Monday, November 9, 2009
On Saturday I bought what I believe to be the single most expensive item of clothing I have ever bought: a beautiful red Alannah Hill dress that I cannot find a picture of (ie: it is neither of the AH dresses pictured above, which are also very cute)
It was more expensive than any pair of shoes I own, more expensive than the handful of very pretty silk dresses hanging in my closet and more expensive even than the so-ridiculously-expensive-I-won't-even-tell-you-how-much-but-it-was-worth-it seamed silk stockings I acquired back when I decided to turn myself into a 1950s-style floozy.

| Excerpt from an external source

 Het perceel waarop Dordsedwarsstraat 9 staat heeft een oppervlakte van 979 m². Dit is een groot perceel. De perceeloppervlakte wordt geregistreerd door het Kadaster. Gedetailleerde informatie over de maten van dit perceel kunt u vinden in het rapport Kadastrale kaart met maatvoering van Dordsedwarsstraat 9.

Before I made this latest and greatest of acquisitions I sat down with The Boyfriend to discuss over lunch at the Belgian Beer Cafe, as a sensible Girlfriend sometimes does when she wants to pre-emptively ease her guilt. I showed him change room photos of me in the dress, discussed the NUMEROUS places I could wear it and whined for a bit about how it had been aaaages since I bought anything (grateful he hadn't been home when the amazon.com boxes arrived). Andy, being equal parts charming and disinterested shrugged his shoulders, said I could do what I wanted with my own money and then sweetly asked if I could go and order him some hot chips from the bar.
The only bit Andy didn't get, as he explained to me while dunking chips into aoli (god they do it well at the BBC), is why I was so excited about my impending acquisition. To Andy, clothes are just clothes: some of them look better than others but they are still just clothes. To me, as I explained while stuffing my gob with chips, every new outfit - particularly a radically new outfit unlike anything you already own - is a new chance to reinvent yourself.

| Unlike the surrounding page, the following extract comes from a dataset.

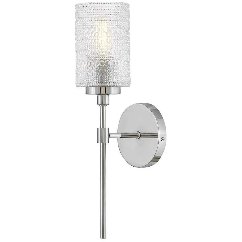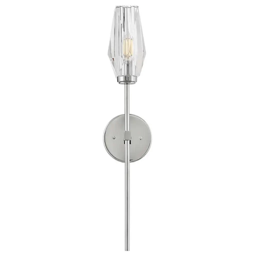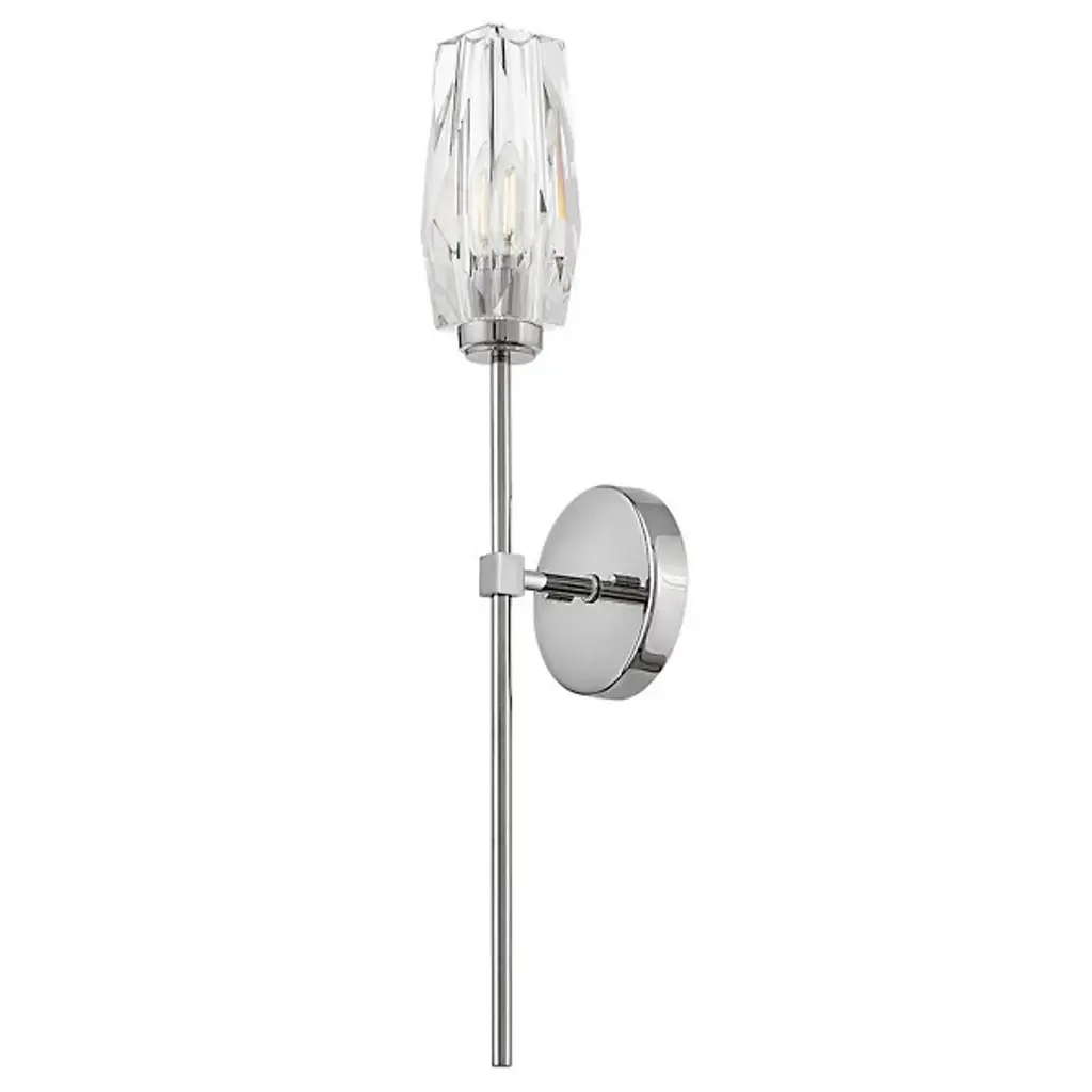 Go bold with a bright bouquet of light when you add the Ana Wall Sconce from Hinkley Lighting to your walls and hallways. A stylish transitional fixture that starts simply with a circular steel wall mount and single stem, it uses a single socket at its top to illuminate its surroundings from within a complex shade. The shade is made of heavy-cut crystal, clear and faceted, and shaped like a floral blossom for that extra touch of old-world elegance, surrounding the lamping and transforming its brightness into glittering glamour.

This is not a new realisation of mine.
Many years ago a (now ex) boyfriend convinced me to buy an adorable 1920s-style bucket hat. The hat was beautiful but not, strictly speaking, very practical. I was not, I told the boyfriend apologetically, really A Hat Person. Wisely he responded with the observation that if I bought the hat I would become a hat person. In essence, if I bought it (the hat), it (the hat-implied lifestyle) would come.
He was right and he was wrong but the thought has stuck with me ever since.
This dress, for instance, gives me a little glimmer of hope that I could yet become one of the Alannah Hill girls depicted in the ads: hair bouffed, lipsticked smile genuine, spending my days faffing about on a garden swing or looking like I'm about to have tea with the Mad Hatter. Instead of, say, spending 10 hours in front of a computer five to six days a week, typing until my eyes glaze and my wrists start to throb.